▶ [What this task involves]: Give the data again exactly, without its images.

[[ Exercise inputs, beginning ]]

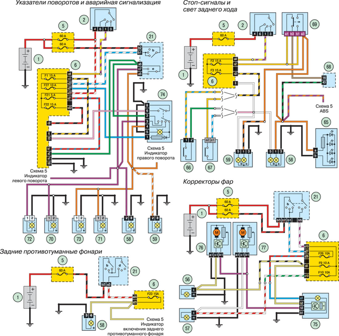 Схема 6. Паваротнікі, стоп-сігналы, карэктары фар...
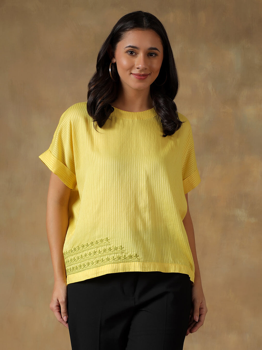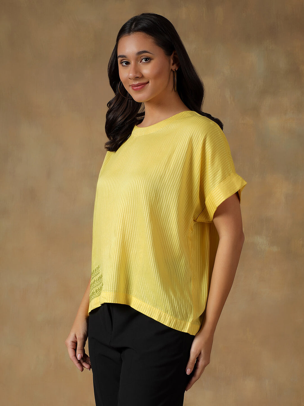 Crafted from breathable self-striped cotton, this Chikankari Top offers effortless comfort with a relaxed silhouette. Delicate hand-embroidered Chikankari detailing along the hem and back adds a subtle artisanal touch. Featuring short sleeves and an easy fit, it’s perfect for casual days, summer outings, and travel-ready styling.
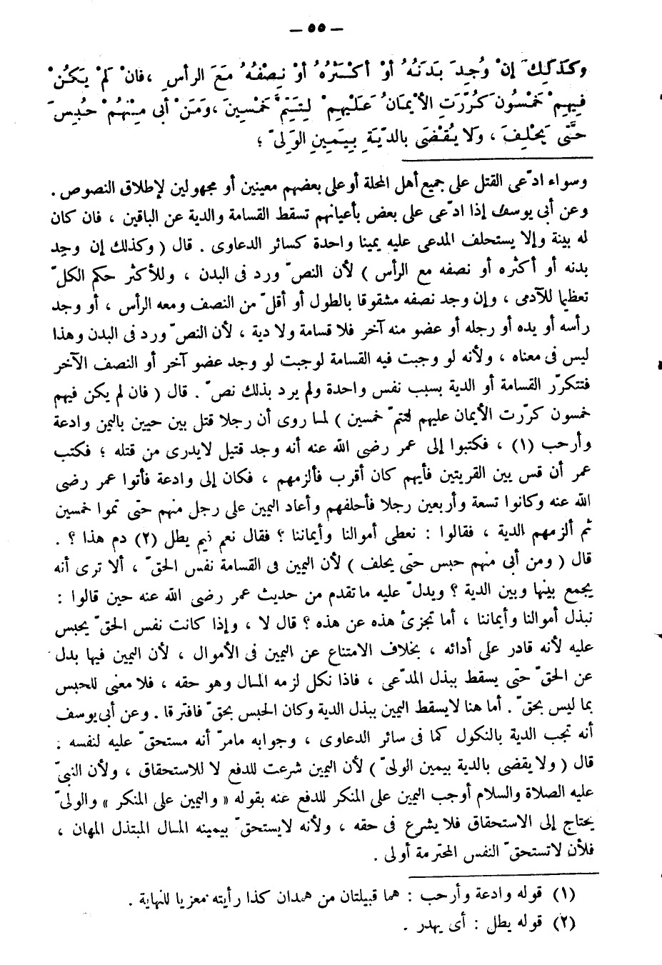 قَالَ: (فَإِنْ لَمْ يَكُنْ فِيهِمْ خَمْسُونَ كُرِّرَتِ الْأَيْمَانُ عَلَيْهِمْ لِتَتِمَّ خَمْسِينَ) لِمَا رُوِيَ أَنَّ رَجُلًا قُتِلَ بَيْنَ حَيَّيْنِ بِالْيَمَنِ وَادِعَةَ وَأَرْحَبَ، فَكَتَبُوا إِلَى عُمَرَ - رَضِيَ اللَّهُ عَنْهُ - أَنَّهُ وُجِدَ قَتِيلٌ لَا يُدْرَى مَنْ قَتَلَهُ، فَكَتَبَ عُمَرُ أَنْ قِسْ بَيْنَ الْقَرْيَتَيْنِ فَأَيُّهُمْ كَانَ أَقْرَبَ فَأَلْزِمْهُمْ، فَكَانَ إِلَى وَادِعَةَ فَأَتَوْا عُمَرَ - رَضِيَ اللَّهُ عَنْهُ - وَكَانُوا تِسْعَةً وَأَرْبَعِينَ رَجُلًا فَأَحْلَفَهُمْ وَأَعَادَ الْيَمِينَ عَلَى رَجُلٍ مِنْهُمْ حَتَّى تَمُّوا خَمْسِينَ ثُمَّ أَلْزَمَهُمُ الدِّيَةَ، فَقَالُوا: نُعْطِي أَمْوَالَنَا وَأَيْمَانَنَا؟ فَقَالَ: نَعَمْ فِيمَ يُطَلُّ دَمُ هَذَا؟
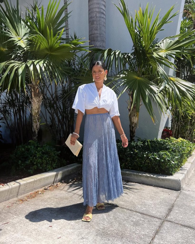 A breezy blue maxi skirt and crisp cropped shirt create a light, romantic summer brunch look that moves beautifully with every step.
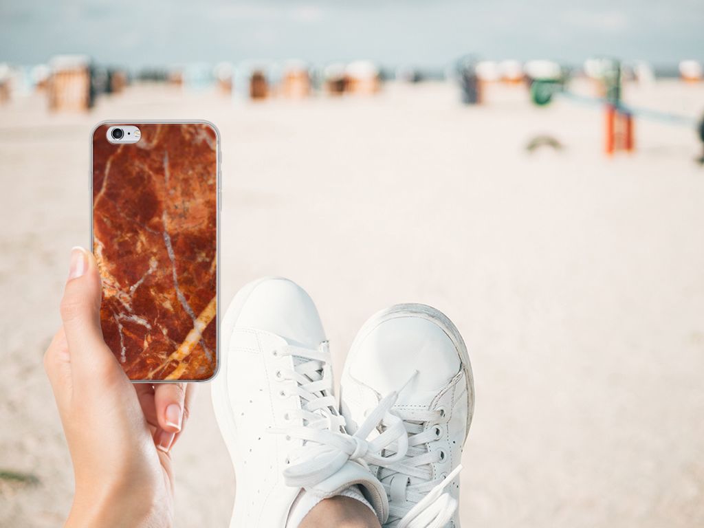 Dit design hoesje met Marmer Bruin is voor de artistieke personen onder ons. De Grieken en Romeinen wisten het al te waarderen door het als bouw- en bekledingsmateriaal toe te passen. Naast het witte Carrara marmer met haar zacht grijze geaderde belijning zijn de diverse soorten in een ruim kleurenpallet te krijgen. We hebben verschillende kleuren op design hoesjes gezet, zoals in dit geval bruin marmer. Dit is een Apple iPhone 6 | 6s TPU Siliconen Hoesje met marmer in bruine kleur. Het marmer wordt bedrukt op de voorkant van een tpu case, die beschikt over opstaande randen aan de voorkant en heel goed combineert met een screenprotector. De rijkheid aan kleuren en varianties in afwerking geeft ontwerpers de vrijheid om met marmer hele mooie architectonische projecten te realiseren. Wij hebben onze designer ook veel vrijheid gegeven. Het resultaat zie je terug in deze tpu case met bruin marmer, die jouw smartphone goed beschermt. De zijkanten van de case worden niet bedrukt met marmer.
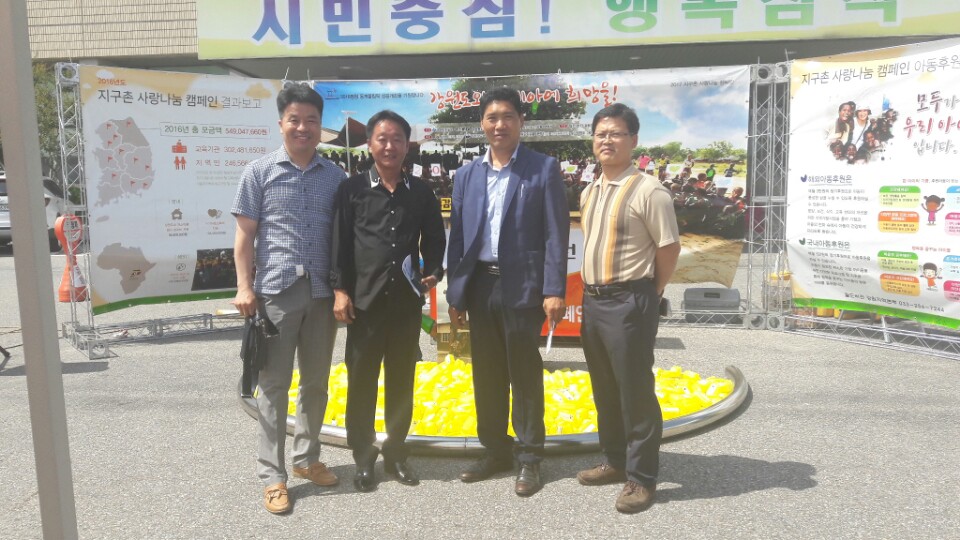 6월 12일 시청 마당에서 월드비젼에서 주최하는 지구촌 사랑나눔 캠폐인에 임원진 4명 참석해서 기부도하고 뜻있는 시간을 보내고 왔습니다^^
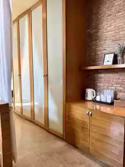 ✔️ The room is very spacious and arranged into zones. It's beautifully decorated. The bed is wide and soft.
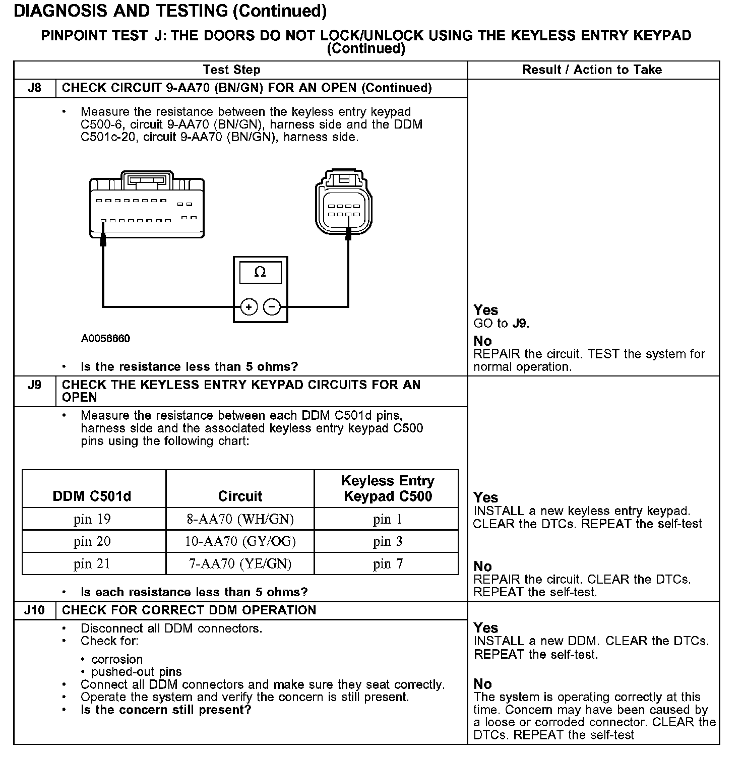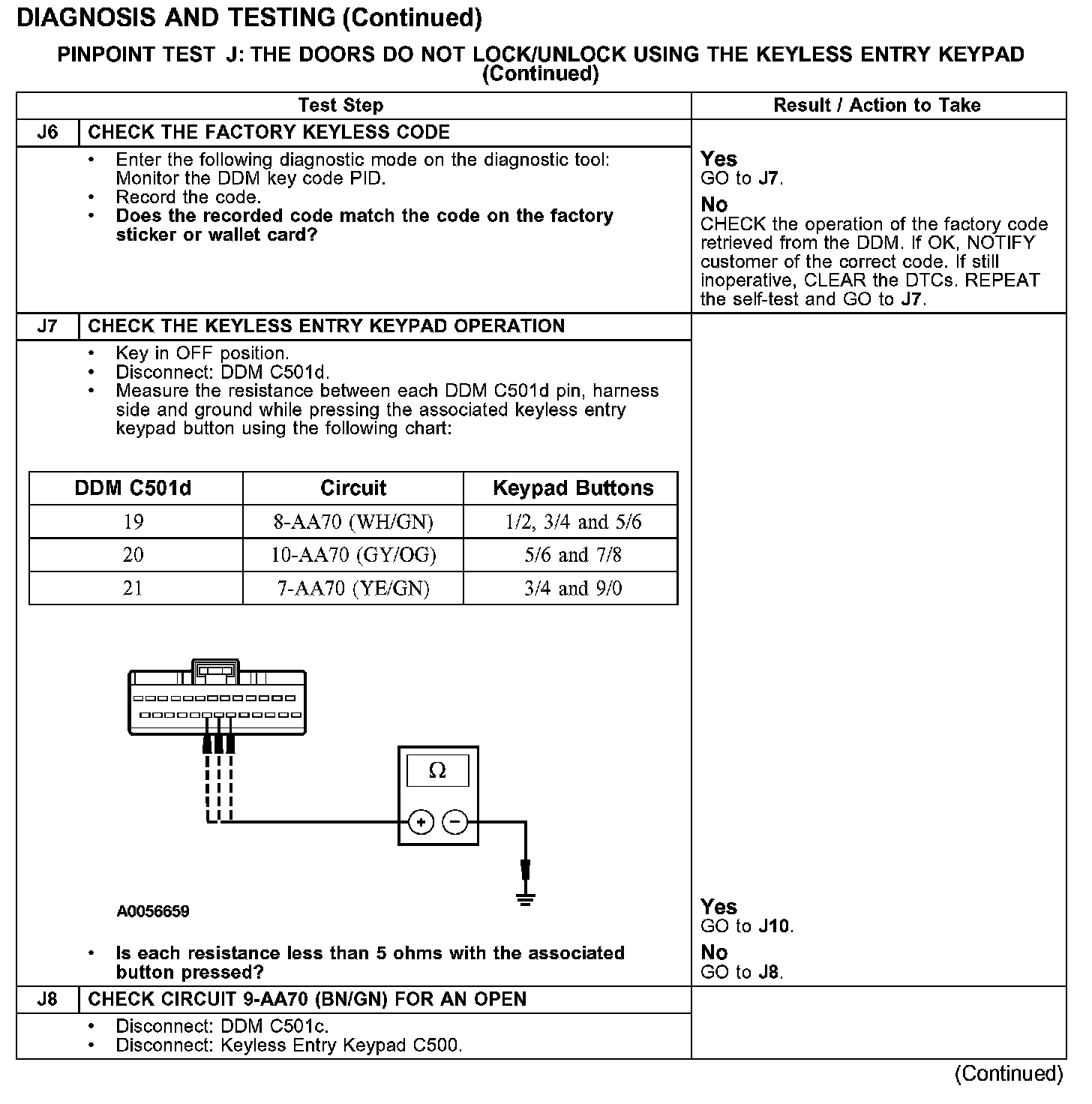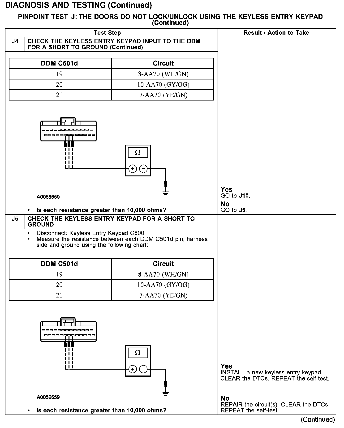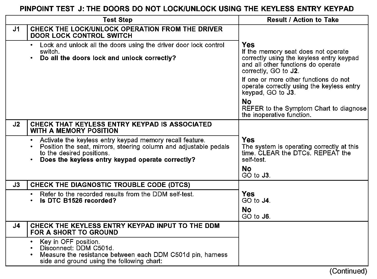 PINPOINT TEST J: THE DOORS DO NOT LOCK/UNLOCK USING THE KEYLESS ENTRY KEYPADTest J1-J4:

[[ Exercise inputs, end ]]

▶ [Answer to this task]:
 Схема 6. Паваротнікі, стоп-сігналы, карэктары фар...
 Crafted from breathable self-striped cotton, this Chikankari Top offers effortless comfort with a relaxed silhouette. Delicate hand-embroidered Chikankari detailing along the hem and back adds a subtle artisanal touch. Featuring short sleeves and an easy fit, it’s perfect for casual days, summer outings, and travel-ready styling.
 قَالَ: (فَإِنْ لَمْ يَكُنْ فِيهِمْ خَمْسُونَ كُرِّرَتِ الْأَيْمَانُ عَلَيْهِمْ لِتَتِمَّ خَمْسِينَ) لِمَا رُوِيَ أَنَّ رَجُلًا قُتِلَ بَيْنَ حَيَّيْنِ بِالْيَمَنِ وَادِعَةَ وَأَرْحَبَ، فَكَتَبُوا إِلَى عُمَرَ - رَضِيَ اللَّهُ عَنْهُ - أَنَّهُ وُجِدَ قَتِيلٌ لَا يُدْرَى مَنْ قَتَلَهُ، فَكَتَبَ عُمَرُ أَنْ قِسْ بَيْنَ الْقَرْيَتَيْنِ فَأَيُّهُمْ كَانَ أَقْرَبَ فَأَلْزِمْهُمْ، فَكَانَ إِلَى وَادِعَةَ فَأَتَوْا عُمَرَ - رَضِيَ اللَّهُ عَنْهُ - وَكَانُوا تِسْعَةً وَأَرْبَعِينَ رَجُلًا فَأَحْلَفَهُمْ وَأَعَادَ الْيَمِينَ عَلَى رَجُلٍ مِنْهُمْ حَتَّى تَمُّوا خَمْسِينَ ثُمَّ أَلْزَمَهُمُ الدِّيَةَ، فَقَالُوا: نُعْطِي أَمْوَالَنَا وَأَيْمَانَنَا؟ فَقَالَ: نَعَمْ فِيمَ يُطَلُّ دَمُ هَذَا؟
 A breezy blue maxi skirt and crisp cropped shirt create a light, romantic summer brunch look that moves beautifully with every step.
 Dit design hoesje met Marmer Bruin is voor de artistieke personen onder ons. De Grieken en Romeinen wisten het al te waarderen door het als bouw- en bekledingsmateriaal toe te passen. Naast het witte Carrara marmer met haar zacht grijze geaderde belijning zijn de diverse soorten in een ruim kleurenpallet te krijgen. We hebben verschillende kleuren op design hoesjes gezet, zoals in dit geval bruin marmer. Dit is een Apple iPhone 6 | 6s TPU Siliconen Hoesje met marmer in bruine kleur. Het marmer wordt bedrukt op de voorkant van een tpu case, die beschikt over opstaande randen aan de voorkant en heel goed combineert met een screenprotector. De rijkheid aan kleuren en varianties in afwerking geeft ontwerpers de vrijheid om met marmer hele mooie architectonische projecten te realiseren. Wij hebben onze designer ook veel vrijheid gegeven. Het resultaat zie je terug in deze tpu case met bruin marmer, die jouw smartphone goed beschermt. De zijkanten van de case worden niet bedrukt met marmer.
 6월 12일 시청 마당에서 월드비젼에서 주최하는 지구촌 사랑나눔 캠폐인에 임원진 4명 참석해서 기부도하고 뜻있는 시간을 보내고 왔습니다^^
 ✔️ The room is very spacious and arranged into zones. It's beautifully decorated. The bed is wide and soft.
 PINPOINT TEST J: THE DOORS DO NOT LOCK/UNLOCK USING THE KEYLESS ENTRY KEYPADTest J1-J4:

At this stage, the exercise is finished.